▶ Problem details
Take the entries below and reproduce exactly the portion that begins at the line containing "0176-Große Prunkplatte Sternchendekor" and ends at the line containing "先是把上半身绑起来,接着各种", keeping both ends, dropping pictures, and adding nothing else.

▶ Source records

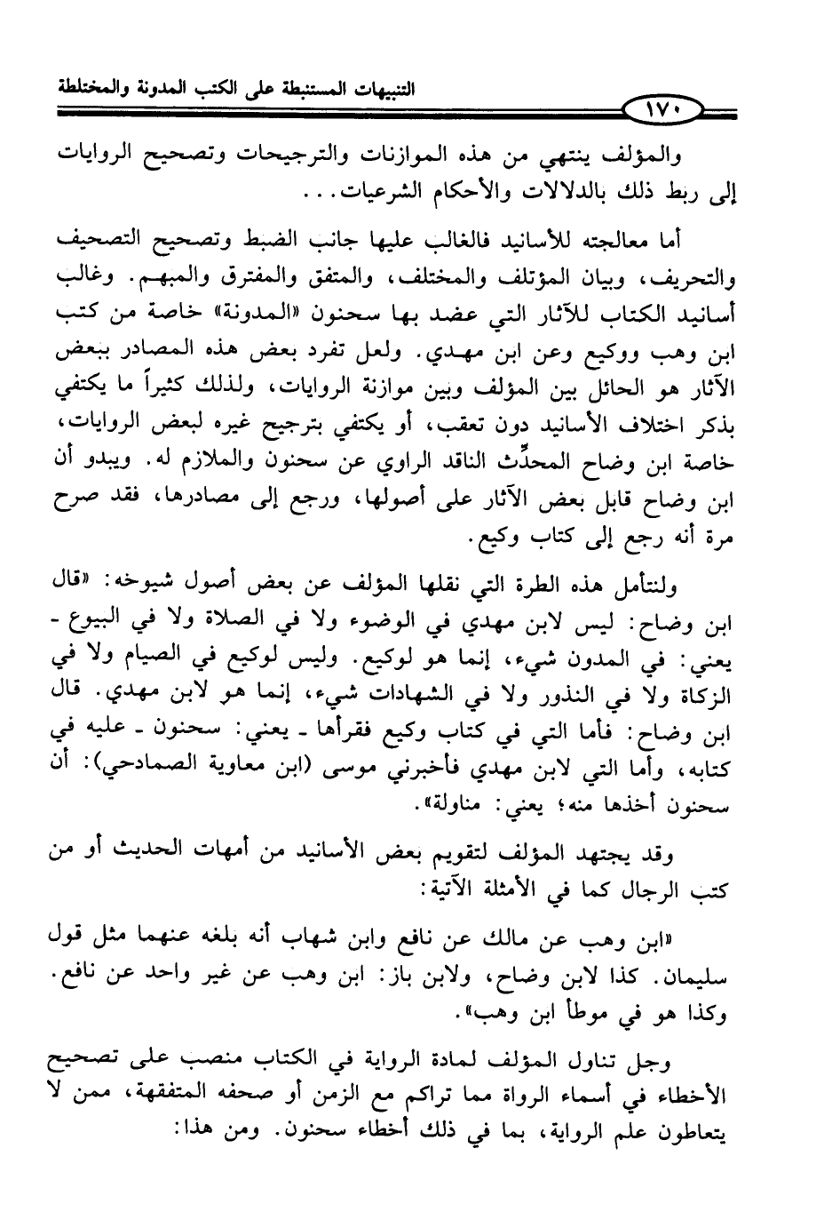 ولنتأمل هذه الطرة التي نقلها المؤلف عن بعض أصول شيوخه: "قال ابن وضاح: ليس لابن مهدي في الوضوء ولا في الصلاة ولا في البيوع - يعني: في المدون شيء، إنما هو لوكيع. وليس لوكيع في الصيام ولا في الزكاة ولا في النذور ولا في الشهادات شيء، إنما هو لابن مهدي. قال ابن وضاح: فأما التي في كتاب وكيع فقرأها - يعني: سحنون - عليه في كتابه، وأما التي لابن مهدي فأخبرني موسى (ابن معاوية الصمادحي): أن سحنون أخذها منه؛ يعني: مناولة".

...

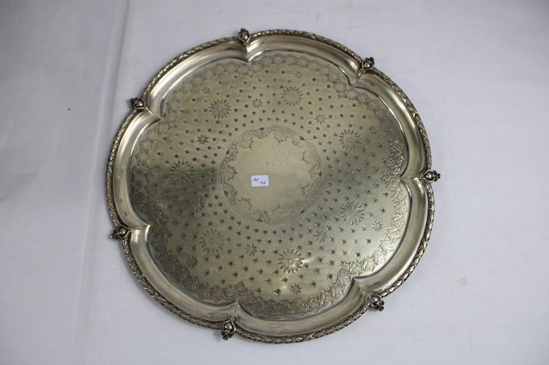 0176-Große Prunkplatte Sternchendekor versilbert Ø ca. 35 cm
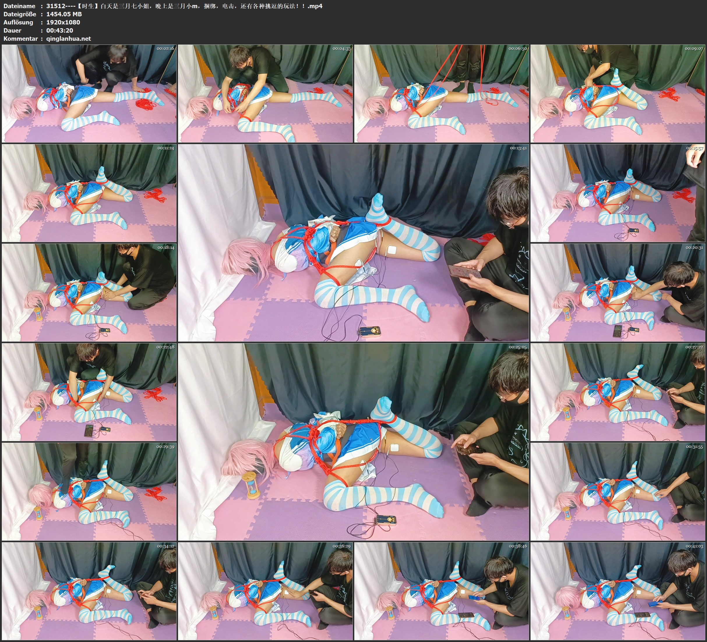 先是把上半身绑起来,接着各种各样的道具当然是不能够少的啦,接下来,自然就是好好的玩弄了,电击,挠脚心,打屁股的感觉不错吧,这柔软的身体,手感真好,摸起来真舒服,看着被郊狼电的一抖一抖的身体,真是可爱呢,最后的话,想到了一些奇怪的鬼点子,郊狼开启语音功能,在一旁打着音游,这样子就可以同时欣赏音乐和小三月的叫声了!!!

▶ Written response
 0176-Große Prunkplatte Sternchendekor versilbert Ø ca. 35 cm
 先是把上半身绑起来,接着各种各样的道具当然是不能够少的啦,接下来,自然就是好好的玩弄了,电击,挠脚心,打屁股的感觉不错吧,这柔软的身体,手感真好,摸起来真舒服,看着被郊狼电的一抖一抖的身体,真是可爱呢,最后的话,想到了一些奇怪的鬼点子,郊狼开启语音功能,在一旁打着音游,这样子就可以同时欣赏音乐和小三月的叫声了!!!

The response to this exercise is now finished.